Minimal ASR pipeline example: transcribe an audio file to Markdown text.

What this example does - Configures the ASR pipeline with a default model spec and converts one audio file. - Prints the recognized speech segments in Markdown with timestamps.

Prerequisites - Install Docling with ASR extras and any audio dependencies (ffmpeg, etc.). - Ensure your environment can download or access the configured ASR model. - Some formats require ffmpeg codecs; install ffmpeg and ensure it's on PATH.

How to run - From the repository root, run: python docs/examples/minimal_asr_pipeline.py. - The script prints the transcription to stdout.

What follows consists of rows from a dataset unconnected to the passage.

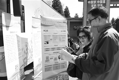图为市民在天坛公园门口翻阅由“大篷车”发放的节能环保宣传材料。
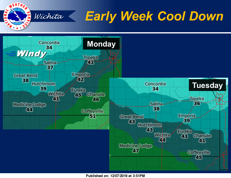 According to the National Weather Service (NWS) in Wichita, a strong cold front will usher in cooler conditions across the region for early this week, with daytime highs in the 30s and 40s.
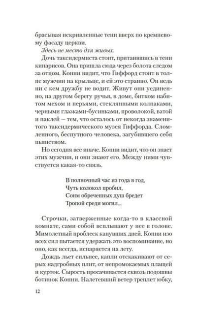 1912 год, Сассекс. В двенадцатилетнем возрасте Конни Гиффорд упала с лестницы и выжила лишь чудом. Теперь ей двадцать два, но она до сих пор не помнит ничего, что происходило с ней до страшного инцидента, кроме отдельных смутных обрывков. Конни живет со своим опустившимся отцом, некогда известным таксидермистом, в уединенном доме на заливаемых морем прибрежных пустошах. Однажды девушка находит в ручье неподалеку тело утопленницы, и к ней постепенно начинает возвращаться память, но эти воспоминания не менее опасны, чем поднимающаяся к дому Гиффордов вода, грозящая гибелью его обитателям.

Customizing the model - The script automatically selects the best model for your hardware (MLX Whisper for Apple Silicon, native Whisper otherwise). - Edit get_asr_converter() to manually override pipeline_options.asr_options with any model from asr_model_specs. - Keep InputFormat.AUDIO and AsrPipeline unchanged for a minimal setup.

Input audio - Defaults to tests/data/audio/sample_10s.mp3. Update audio_path to your own file if needed.

from pathlib import Path

from docling_core.types.doc import DoclingDocument

from docling.datamodel import asr_model_specs
from docling.datamodel.base_models import ConversionStatus, InputFormat
from docling.datamodel.document import ConversionResult
from docling.datamodel.pipeline_options import AsrPipelineOptions
from docling.document_converter import AudioFormatOption, DocumentConverter
from docling.pipeline.asr_pipeline import AsrPipeline


def get_asr_converter():
    """Create a DocumentConverter configured for ASR with automatic model selection.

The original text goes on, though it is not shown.